Let be $X$ a not compact Hausdorff space: so the Alexandroff compactification $(i,X^\infty)$ of $X$ is a Hausdorff space iff $X$ is locally compact.

Statement (6)

The Alexandroff compactification $(i,X^\infty)$ is the smallest compactification of any locally compact $T_2$ space $X$.

Proof. Well let be $X$ a locally compact $T_2$ space and $(h,K)$ an its compactification. So we consider the function $p:K\rightarrow X^\infty$ defined as $$ p(k)=\begin{cases}i(x),\text{if } k=h(x)\text{ for some }x\in X\\\infty,\text{ if }x\in K\setminus h[X]\end{cases} $$ and we observe that $p\circ h=i$ so if we will prove that $p$ is continuous we will have proved the statement. So let be $U\in\mathcal{T^\infty}$ and we prove that $p^{-1}(U)$ is open in $K$. Previously we observe that $h[X]$ is open in $K$ since $h[X]$ is locally compact and dense in $K$. So if $\infty\notin U$ and so if $U\subseteq X$ it results that $U$ is open in $X$ and by the definition of $p$ we have $p^{-1}(U)=h[U]$ that is open in $h[X]$ and so in $K$. Then if $\infty\in U$ then $X\setminus U$ is compact in $X$...

Unfortunately I can't prove the continuity of $p$ so I ask for your assistance. Then I used the lemma $4$ on $h[X]$ but I don't know if $K$ is $T_2$. Could someone help me, please?

Answer 1

If $\infty\in U$, then $X\setminus U$ is compact, so $p^{-1}[X\setminus U]=h[X\setminus U]$ is compact.

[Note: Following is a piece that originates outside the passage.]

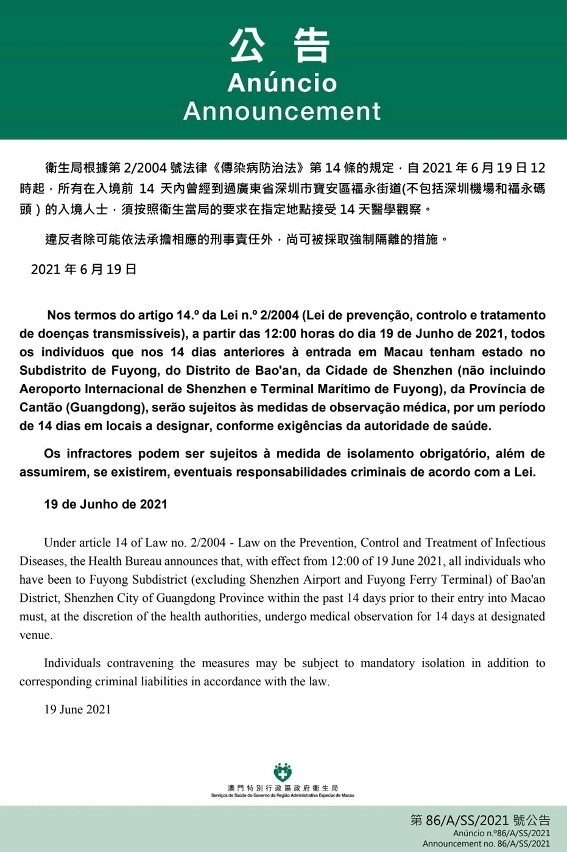新型冠狀病毒感染應變協調中心宣佈,因應廣東省的疫情變化,衛生局根據第2/2004 號法律《傳染病防治法》第14 條的規定,自 2021年6月19日中午12時起,所有在入境前14天內曾經到過廣東省深圳市寶安區福永街道(不包括深圳機場和福永碼頭)的入境人士,須按照衛生當局的要求在指定地點接受14 天醫學觀察,違反者除可能依法承擔相應的刑事責任外,尚可被採取強制隔離的措施。

If $K$ is Hausdorff, $p^{-1}[X\setminus U]$ is closed in $K$, and therefore $p^{-1}[U]$ is open in $K$, as desired.

Let $S=\{2^{-n}:n\in\Bbb Z^+\}$, and let $X=\Bbb N\cup S$ with the topology that it inherits from the real line, where $\Bbb N$ is the set of non-negative integers; clearly $X$ is locally compact and Hausdorff. Let $X_0=X\setminus\{0\}$, the set of isolated points of $X$. Let $K=\{q\}\cup X$, where $q$ is any point not in $X$, and topologize $K$ as follows: $X$ is an open subspace of $K$, and the sets of the form $\{q\}\cup(X_0\setminus F)$ for $F$ a finite subset of $X_0$ form a local base at $q$. Clearly $K$ is compact, and $X$ is dense in $K$, so $\langle h,K\rangle$ is a compactification of $X$, where $h:X\to K:x\mapsto x$.

Now $\{0\}\cup S$ is a compact subset of $X$, so $\{\infty\}\cup\Bbb Z^+$ is open in $X^\infty$. However,

$$p^{-1}[\{\infty\}\cup\Bbb Z^+]=\{q\}\cup\Bbb Z^+\;,$$

which is not open in $K$, so $p$ is not continuous.